HIRSIZ KOVALAYAN POLİSE NEDEN GÜVENMİYORSUN

“Güneydoğu’ya Şırnak’a, Hakkari’ye gönderdiğinizde polise güveniyorsunuz da, hırsız kovalamada polise neden güvenmiyorsunuz. Sayın Başbakan’a düşen tek bir görev var. Adın Ak’sa, çıkarsınız ismi dolaşan herkesi, kendisinin evlatlarına kadar uzanan herkesi her şeyi aklayıp paklamanız lazım. Yargıyı çalıştırmanız lazım. Bir bakanlıkta veya bir kurumda herhangi bir memurun bir yanlışı olduğu zaman onu soruşturma sonuçlanıncaya kadar açığa alıyorsunuz. Başbakan ailesinden tut bakanlarına kadar, bürokratına kadar, genel müdürlerine kadar yolsuzluk şaibesiyle suçlanıyor, aklanmak için bir adım atılmıyorsa, ileride atılacak aklanmaya kadar sayın başbakan sorumluluklarından kaçıyorsa, bir memuru suçlarından dolayı açığa alıyorsun. Peki Başbakan’ı açığa kim alacak. Tabii 30 Mart’ta sandıkta millet alacak.”

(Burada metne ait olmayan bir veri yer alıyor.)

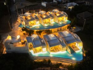 古宇利大橋や屋我地島が一望できるロケーション 水盤やプールを通して海を眺められるよう設計しました アーチや曲面を多様しこだわりの詰まった一棟貸しのホテルです

CUMHURBAŞKANLIĞI YOKUŞUNDA YIĞILIR KALIR

“30 Mart iktidar değiştirmez. Ama AKP gereken dersi almazsa Cumhurbaşkanlığı seçimi hayal olur. Recep Tayyip Erdoğan o yükü taşıyamaz. Çankaya yokuşunda diz çöker. Oraya yığılır kalır. 2015’te de iktidar değişir. Yolsuzluk ve rüşvet toplumsal hastalıktır. Kalıcı olur, yerleşir. Toplumun çürümesi devleti çökertir. Devletin çökmesi kargaşa yaratır. Kargaşa yeni liderler, yeni rejimler, yeni sistemler aratır. Endonezya’dan, Tunus’a, Ukrayna’ya kadar. Türkiye Allah muhafaza böyle bir durumla karşılaşırsa felaket olur. Yazık olur” dedi.

Bahçeli konuşmasının ardından alkışlar arasında İzmir BŞB Başkan Adayı Murat Taşer ve Foça Belediye Başkan Adayı Serdar Mersin’i tanıttı. Her iki adayın da millet için memleket için gerekeni yapacağını söyleyen Bahçeli “yapmazlarsa sizden önce MHP gereğini yapar” diyerek konuşmasını tamamladı.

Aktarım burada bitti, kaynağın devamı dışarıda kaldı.